In GCC 4.8.x this is no longer true: the array_type DIE above is emitted as a
direct child of the structure_type here shown as [ beca], and indeed you can see
all sorts of types as children of structure_types, even basic types like 'int'
if they happen not to be used anywhere else in the translation unit.  So we must
mark them all as seen.

-- or almost all.  We do not bother marking types we will not later emit CTF
for, and we do not mark structure or union members themselves, because structure
members are not types and cannot be referenced by another member.  (Since
members are very numerous and cannot be duplicated across kernel modules unless
their containing structure is also duplicated, not marking them as seen also
saves a great deal of memory.)

Thankfully the emission phase does not care what the parent of DIEs is except if
they are things like structures or unions which have parents in CTF too.  So
arrays, basic types, and the like inside structure_type DIEs do not disturb the
actual emission of types: once we have fixed the duplicate detector, all is
well.

Orabug: 18117464
Signed-off-by: Nick Alcock <nick.alcock@oracle.com>
Reviewed-by: Chuck Anderson <chuck.anderson@oracle.com>

ctf: capture all DIEs with structs/enums as their ultimate supertype

dwarf2ctf has to scan all the DWARF in the kernel repeatedly while generating
its compressed type representation: it even has to scan inside functions, even
though it is only interested in file-scope types and variables, because opaque
structure, union, or enumeration references at the top level can contain
references to a definition inside a function.  Repeated scanning of gigabytes of
DWARF is slow: dwarf2ctf spends most of its time doing this, not emitting types.
To make this less abominably slow, dwarf2ctf contains a filtration mechanism to
avoid scanning or emitting DIEs which will never be useful.
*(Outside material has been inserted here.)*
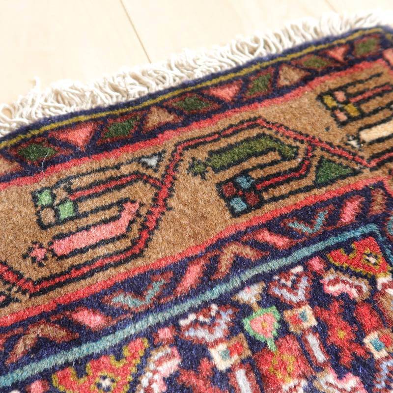 茶と紺を基調とした落ち着いた配色。細かな文様が規則的に並んだ伝統的なデザイン、新しい物には無いレトロモダンな味わいがあります。コンディションは比較的良好、踏むたびに、しっとり気持ちの良いウールの感触を味わえる十分な素材品質、日々の普段使いで快適さを実感いただける絨毯です。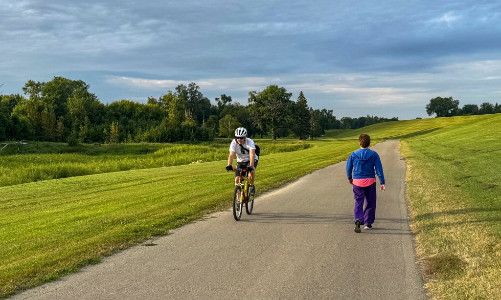 RN: I had a wonderful walk with Diane this morning in Riverside Park- a gorgeous greenway along the Red River. In 1997, there was a disastrous flood in Grand Forks caused by the Red River cresting to 54 ft while sand dikes were built only 49 ft high. The breeching water spread 3 miles into the city because it is so flat and 50,000 people had to be evacuated (Wiki). In response, the federal government worked with the state government to clear the flood plain of development and to create this wonderful park. In addition permanent dikes were built on either side of the river. You can see the bikeway we walked on and, to the right, the gentle slope of the dike (which also serves as a sledding hill in the winter).

An iron rule of dwarf2ctf is that *all* DIEs that are emitted as types must
first be spotted by this 'duplicate detector' scanning phase, since it not only
determines which types are duplicated but also where they should go: whether
they are shared between kernel modules (and should go into the shared type
repository in ctf.ko) or are shared between translation units in a single module
or not duplicated at all, in which case they go into the module's local CTF.  So
if the filtration mechanism skips types which are later emitted, dwarf2ctf can
do little but abort (in general dwarf2ctf aborts if it finds internal
consistency problems which may affect the generation of many types, but skips
types and warns if it finds problems with single types which are not likely to
affect the generation of other types).

One of these filtration functions is filter_ctf_file_scope().  This is called to
filter out DIEs representing most qualifiers and base types when they appear
inside functions, by simply checking if the parent of the DIE is
DW_TAG_compile_unit.  In GCC 4.4.x, applying this to a variety of DIEs was
sufficient to filter out all DIEs inside functions that we weren't going to emit
CTF representations of.

Unfortunately GCC has since changed its debugging information representation
somewhat in a fashion which breaks this.  Inside drivers/firmware/dmi-id.c we
see the example dwarf2ctf calls out when it fails:

    static const struct mafield {
    const char *prefix;
    int field;
    } fields[] = {
    [...]
    { NULL,  DMI_NONE }
    };

    const struct mafield *f;

This is a structure inside a function, but even so GCC generates some of its
type DIEs at global scope and they are emitted into the CTF.  Over time, GCC is
moving more of the DIEs into subprogram scope, but not yet all of them: this is
what has broken us.

The variable 'f' is represented by the following DIEs, where A, B, C and D are
DIE offsets:

[  A]     structure_type
           name                 (strp) "mafield"
[...]
[  B]     const_type
           type                 (ref4) [  A]

[  C]     pointer_type
           byte_size            (data1) 8
           type                 (ref4) [  B]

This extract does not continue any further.